**Instructions to follow:** The line with "7月28日上午10点,英国威" and each line following it, up to the final line of the data, should be set down exactly; pictures stay out.

Stored dataset items:

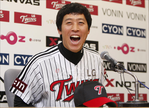 “웃는게 웃는 게 아니야∼”3년간의 일본 생활을 끝낸 이병규가 8일 LG와 계약을 마치고 국내 복귀를 공식 선언했다. 기자회견에서 이병규는 “국가대표급 외야수들 간 경쟁을 뚫고 주전을 확보해 달라진 LG의 모습을 보여주고 싶다”는 포부를 밝혔다.
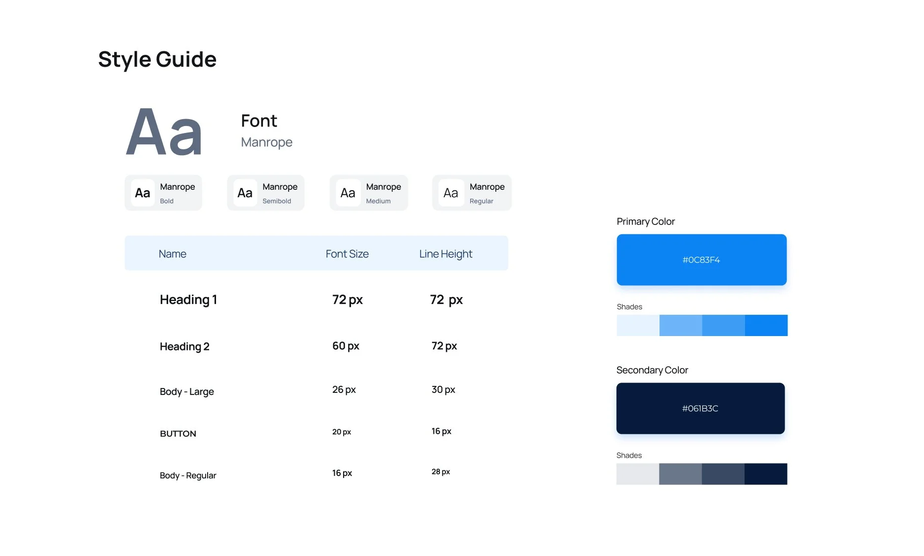 The style guide establishes a clean, modern visual system using the Manrope typeface and a refined blue-and-navy palette, enhancing brand trust, readability, and overall consistency across the experience.
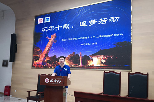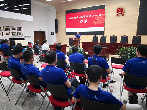 7月28日上午10点,英国威廉希尔英文官网2008级博士入学10周年返校活动在凯原楼模拟法庭成功举办。公司党委副书记路姜男、员工工作办公室主任党淑平、副主任鲁昕鑫出席活动。2008级博士班长车佳克员工主持活动。
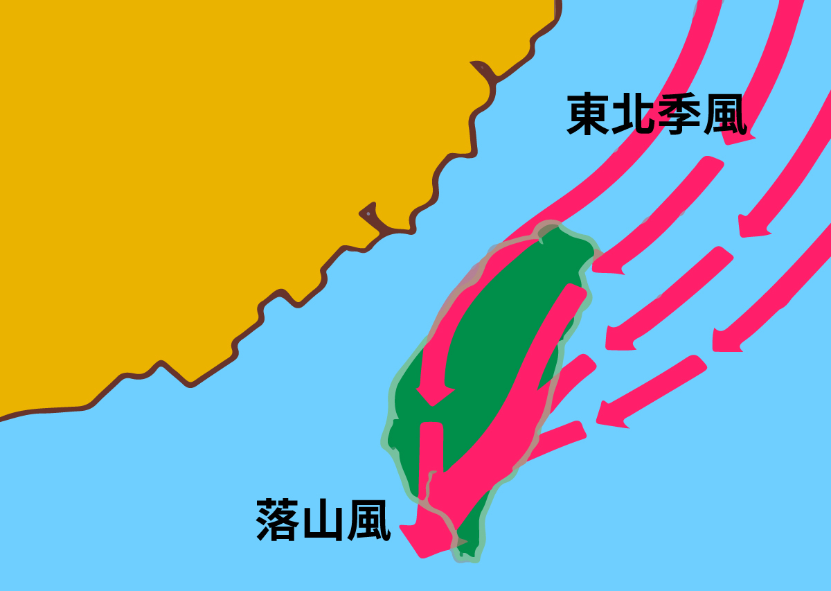 由於恆春半島的中央山脈高度降低至400-1000公尺左右,每年從10月到次年4月,東北季風翻過山脈而下,強勁的下坡風直撲恆春半島西岸,襲捲在背風坡的車城、牡丹、恆春等地區。落山風瞬間強度可達6、7級,相當於輕度颱風的威力。即使是小汽車,機車等往往都不敵強勁的瞬間風速,被吹翻造成人員傷亡。
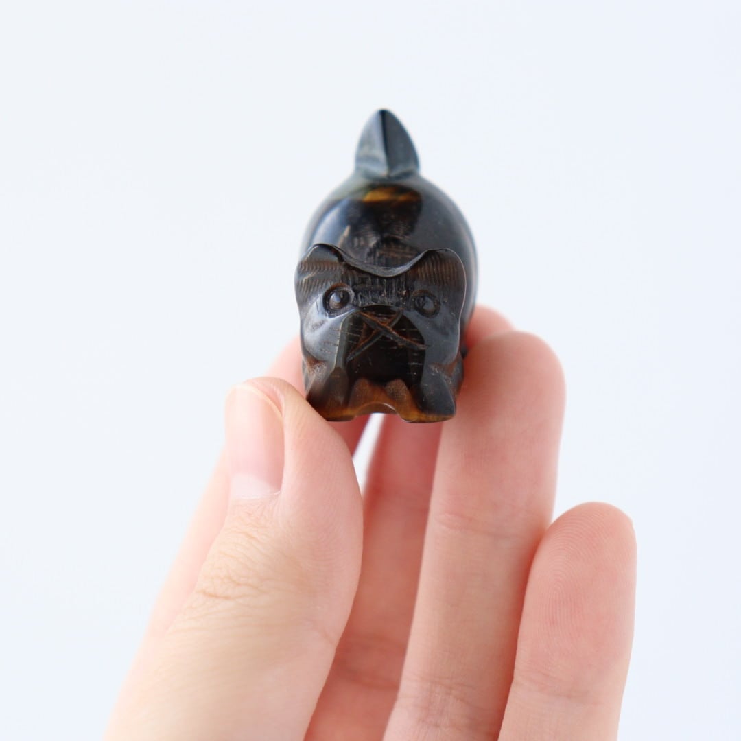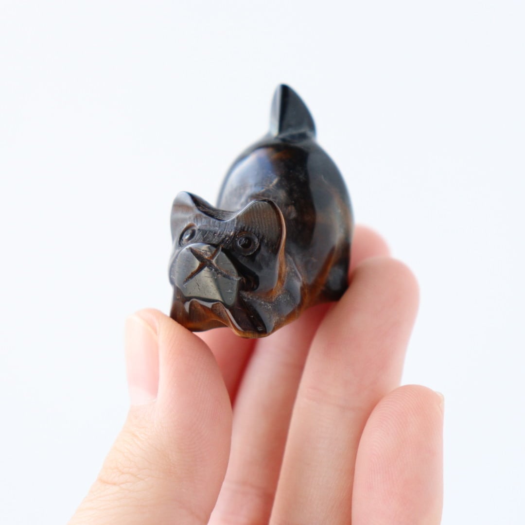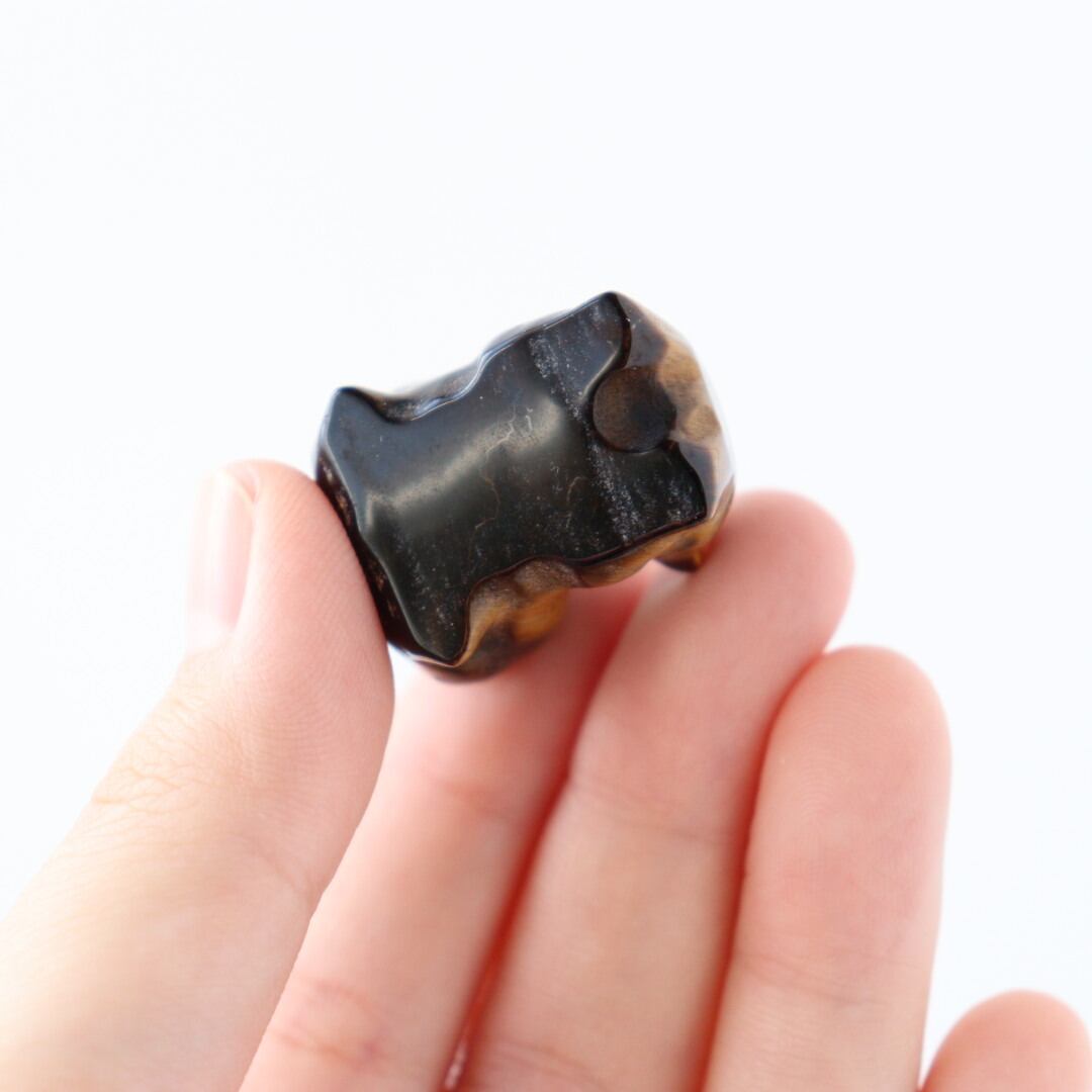 こちらは、一見すると黒に近い落ち着いた色合いですが、光を受けるとタイガーアイ特有のゴールドの輝きがはっきりと浮かび上がります。

**Answer to this task:**
 7月28日上午10点,英国威廉希尔英文官网2008级博士入学10周年返校活动在凯原楼模拟法庭成功举办。公司党委副书记路姜男、员工工作办公室主任党淑平、副主任鲁昕鑫出席活动。2008级博士班长车佳克员工主持活动。
 由於恆春半島的中央山脈高度降低至400-1000公尺左右,每年從10月到次年4月,東北季風翻過山脈而下,強勁的下坡風直撲恆春半島西岸,襲捲在背風坡的車城、牡丹、恆春等地區。落山風瞬間強度可達6、7級,相當於輕度颱風的威力。即使是小汽車,機車等往往都不敵強勁的瞬間風速,被吹翻造成人員傷亡。
 こちらは、一見すると黒に近い落ち着いた色合いですが、光を受けるとタイガーアイ特有のゴールドの輝きがはっきりと浮かび上がります。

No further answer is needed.